All the Sins (Season 2)
The first season of the Finnish crime television series All the Sins (original title: Kaikki Synnit), has been a more than pleasant surprise as it featured a magnificent script, exceptional performances and top-notch cinematography that could be deemed equal to that of the most popular Nordic productions. The audience followed a multiple homicide investigation, conducted by two police officers, Lauri and Sanna, who travel to the small northern Finnish town of Varjakka, a close-knit community with a strong and oppressive religious community that suffocates any individual will and dictates the norms by which people should lead their lives. Lauri (Johannes Holopainen) has grown up in Varjakka and carries many dark memories from his hometown mainly due to his sexual preferences that could not be respected by the other members of the local society. His cooperation with Sanna (Maria Sid), another character dealing with unresolved personal issues, was on the epicenter of the first season and it sometimes overshadowed the main plotline which unraveled in six episodes in total. It was a nice change to watch a truly character-oriented Nordic show that doesn't rely on an over-elaborate grisly serial-killer plot and gory visuals but conveys its message through a different way of storytelling, one that highlights the human factor and the community dynamics that shape our actions.
The second season of the show continues in the same vein and balances magnificently between family drama and murder mystery, focusing on the dysfunctional lives of the main characters and the ambiguous decisions they make. The story is set, chronologically, fifteen years earlier than the events of the first season, two months before the dawn of the millennium, in 1999. Jussi Ritola (Matti Ristinen), whom we met in the first season as a senior investigator, is a young police officer who is married to Meeri (Inka Kallén) and leads a quiet life in Varjakka, a town where nothing significant or extraordinary ever happens. When the bodies of a married couple, the Leppihalmes, are found in their house by their own son, Aaro, poisoned by cyanide, Jussi will take on a case that will make him doubt the people closest to him and oppose some of the most powerful people in town. Furthermore, Jussi will try to befriend Aaro, a teenage kid who lost both his parents and suffered a severe mental trauma. Jussi has his own skeletons in the closet from his childhood that was marked by his father's sudden death, thus he feels a special kind of proximity to the kid. An odd father-son relationship will develop between them that will υltimately affect the investigation itself.

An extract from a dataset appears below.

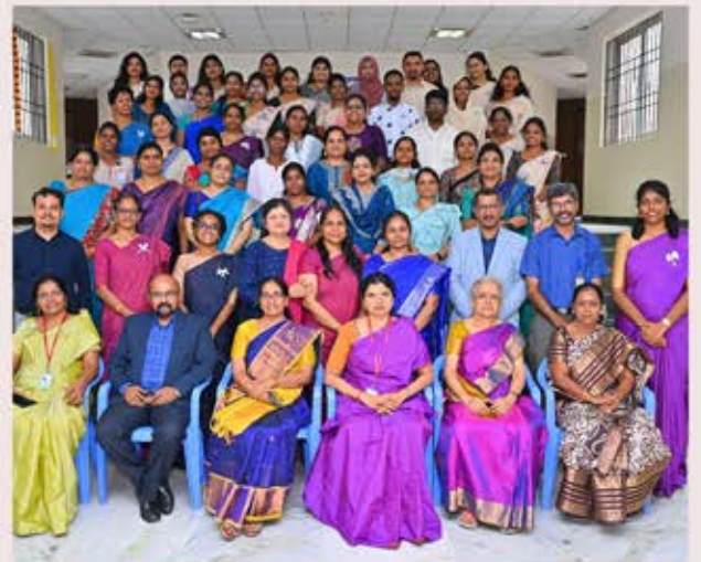
Dept. of Physiology, on 23 rd July. 55 alumni attended.

Jussi is a fascinating protagonist and Matti Ristinen portrays him with a vulnerability that makes him feel human and forces the viewer to root for him. We identify with Jussi and his difficulty in discerning right from wrong, his reluctance to take action in the circumstances, and his desperate attempts to be a father figure to Aaro. Though we sometimes disagree with his decisions, we can comprehend his reasoning on a purely emotional level. The development of his character is exemplary and constitutes the number one reason to watch this show. At the end of the season, we are left feeling numb after the shattering climax of the story, trying to put ourselves in Jussi's shoes and comprehend his mental state. All the Sins is not your typical Nordic noir TV show where everything revolves around a labyrinthine plot and the best you can do is guessing the possible culprit. It is a production that aims to make you think and re-evaluate your moral beliefs in order to become a better person.
Unlike other popular Finnish television series such as Bordertown (Sorjonen) and Deadwind (Karppi), All the Sins bears a substantial social dimension and tackles many important themes such as religious fanaticism, family relationships and their effect on the individual, homosexuality, infidelity, and many more. Merja Aakko and Mika Ronkainen both did a tremendous job as far as the screenplay is concerned while Ronkainen is also the director and the man responsible for the spectacular optics of the show. This is a must-see for all those who crave something more than a simple whodunit or a fast-paced, action-packed story that the viewer forgets a few days after watching. It is one of the most unique Nordic television productions of the last few years and it is worthy of our full commitment. I hope that there will be a third season soon and that we will have once again the opportunity to delve into the alluring universe of the show's creators.